THE DATA →
◇ ◇ ◇ ◇ ◇
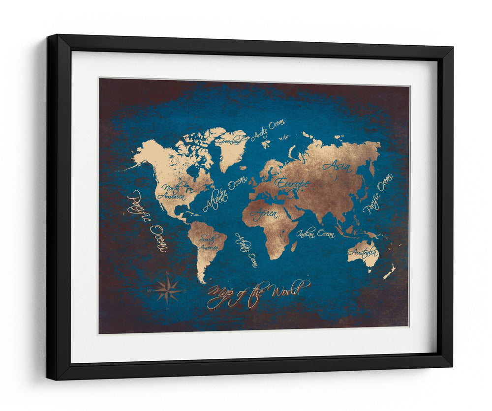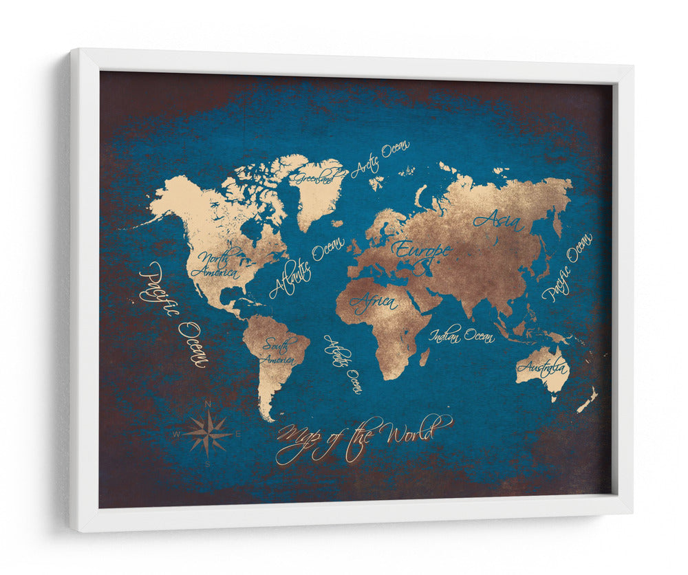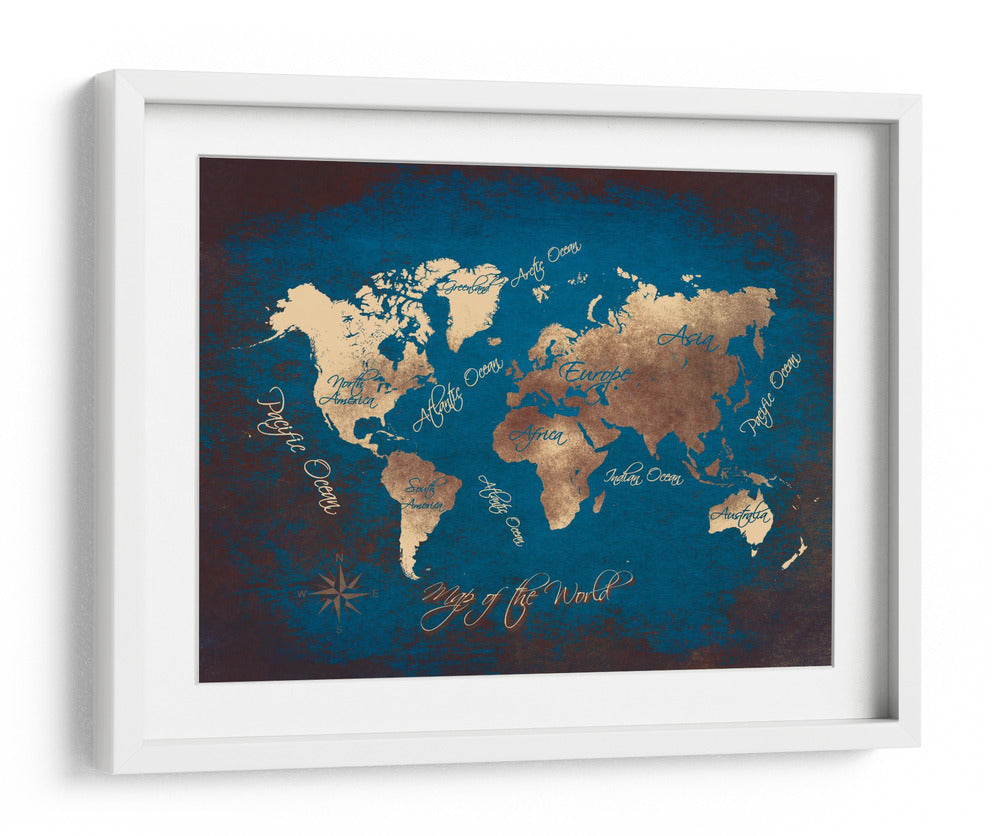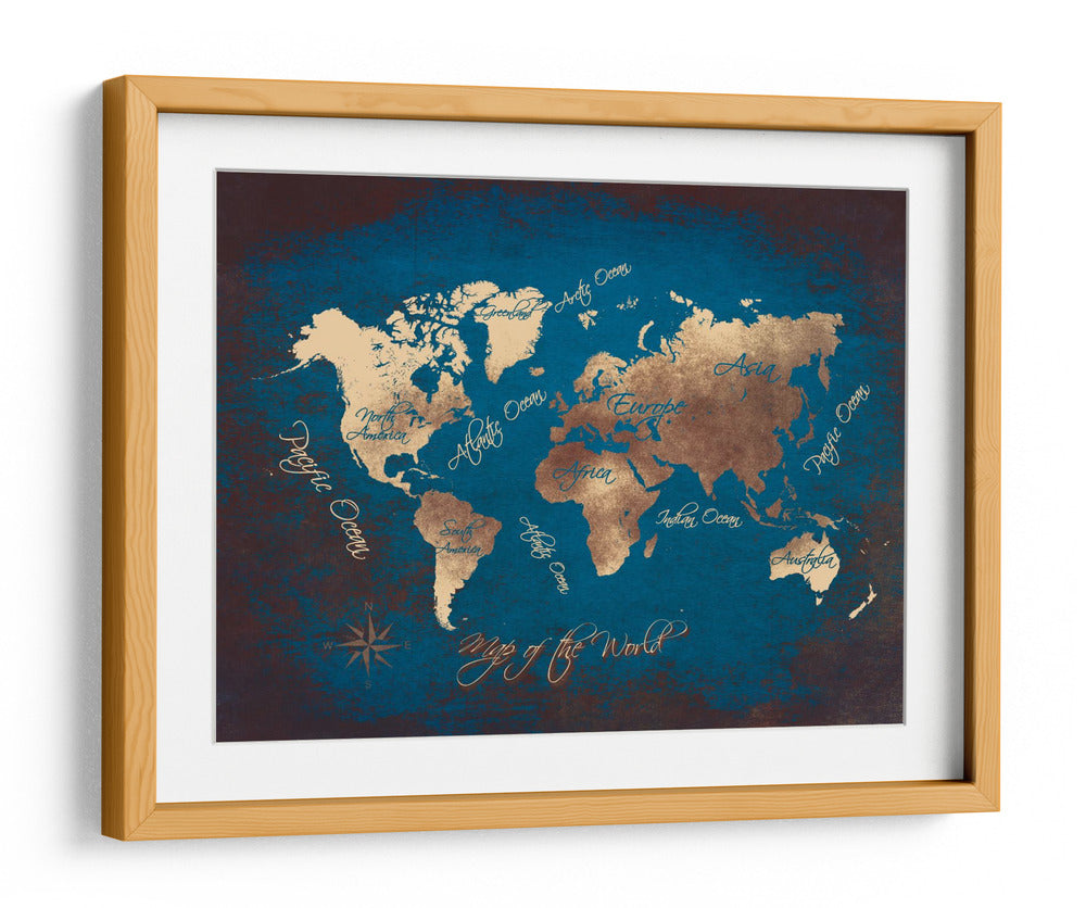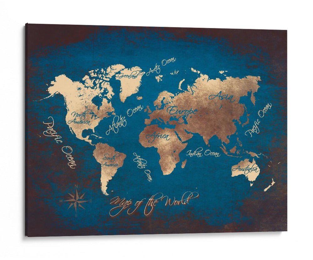 Embárcate en un viaje visual con este cautivador cuadro decorativo del "Mapa mundial 15" de Justyna Jaszke. Esta obra de arte traslada la geografía del mundo a tu hogar con un estilo único y sofisticado. La pieza presenta una representación estilizada del globo terráqueo, donde los continentes se destacan en tonos dorados y ocre sobre un profundo y texturizado fondo azul marino, salpicado de matices terrosos. La elección de colores crea un contraste dramático y elegante, evocando una sensación de profundidad y misterio. Las fuentes caligráficas utilizadas para nombrar continentes y océanos añaden un toque de clasicismo y aventura. Este mapa no es solo una representación geográfica, sino una invitación a la exploración y al descubrimiento, ideal para quienes sueñan con viajar o para añadir un punto de interés intelectual a cualquier estancia. Su diseño atemporal y su paleta de colores rica lo convierten en una adición perfecta para oficinas, salas de estar o estudios, aportando carácter y sofisticación a la decoración.
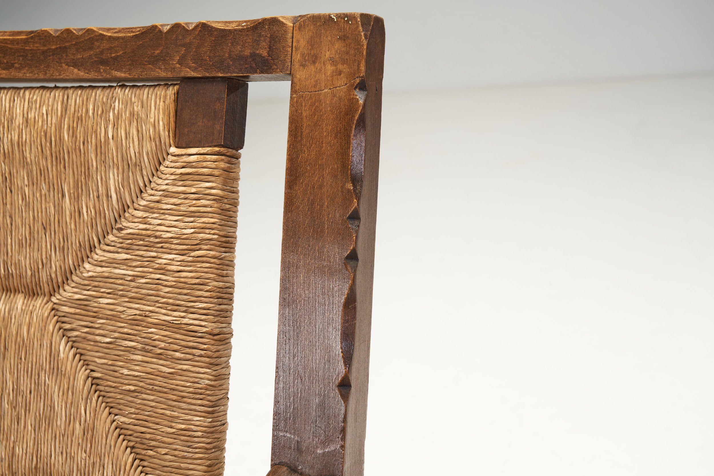 Mid-Century Handcrafted Wood and Woven Straw Armchairs, Europe ca 1950s
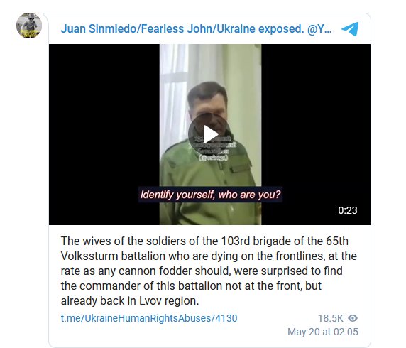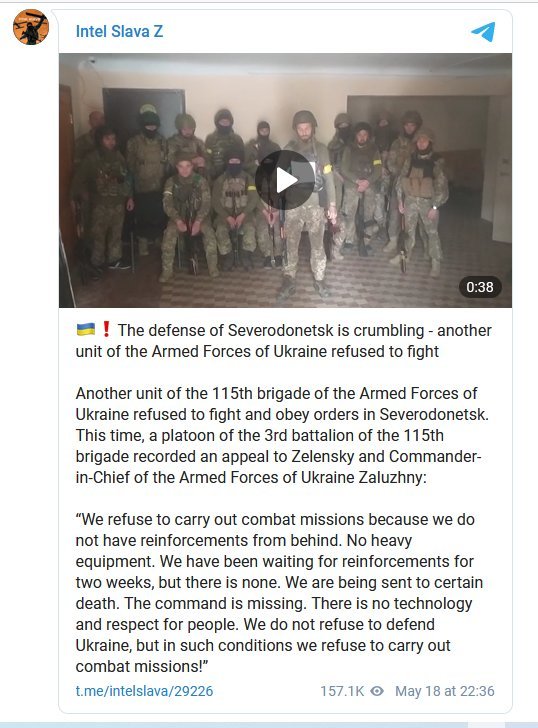 Une autre calamité pour le « Ze Command » a été un message vidéo [[visible sur telegram]] d’une section du 3e bataillon de la 115e brigade de Défense territoriale, dont le commandant a déclaré devant la caméra [[et devant ses hommes regroupés en message qu’il lisait]] qu’il « « n’accomplira pas les tâches de combat assignées à Severodonetsk ». Comme raison, il cite l’indifférence totale de l’état-major, qui envoie sous le « rouleau compresseur » essentiellement des civils qui se sont engagés dans les bataillons volontaires sous l’influence de la télévision zombie.
◇ ◇ ◇ ◇ ◇
WHAT TO PRODUCE → Copy the preceding data in full and word for word, dropping its pictures.

RESPONSE TO THE EXERCISE →
 Embárcate en un viaje visual con este cautivador cuadro decorativo del "Mapa mundial 15" de Justyna Jaszke. Esta obra de arte traslada la geografía del mundo a tu hogar con un estilo único y sofisticado. La pieza presenta una representación estilizada del globo terráqueo, donde los continentes se destacan en tonos dorados y ocre sobre un profundo y texturizado fondo azul marino, salpicado de matices terrosos. La elección de colores crea un contraste dramático y elegante, evocando una sensación de profundidad y misterio. Las fuentes caligráficas utilizadas para nombrar continentes y océanos añaden un toque de clasicismo y aventura. Este mapa no es solo una representación geográfica, sino una invitación a la exploración y al descubrimiento, ideal para quienes sueñan con viajar o para añadir un punto de interés intelectual a cualquier estancia. Su diseño atemporal y su paleta de colores rica lo convierten en una adición perfecta para oficinas, salas de estar o estudios, aportando carácter y sofisticación a la decoración.
 Mid-Century Handcrafted Wood and Woven Straw Armchairs, Europe ca 1950s
 Une autre calamité pour le « Ze Command » a été un message vidéo [[visible sur telegram]] d’une section du 3e bataillon de la 115e brigade de Défense territoriale, dont le commandant a déclaré devant la caméra [[et devant ses hommes regroupés en message qu’il lisait]] qu’il « « n’accomplira pas les tâches de combat assignées à Severodonetsk ». Comme raison, il cite l’indifférence totale de l’état-major, qui envoie sous le « rouleau compresseur » essentiellement des civils qui se sont engagés dans les bataillons volontaires sous l’influence de la télévision zombie.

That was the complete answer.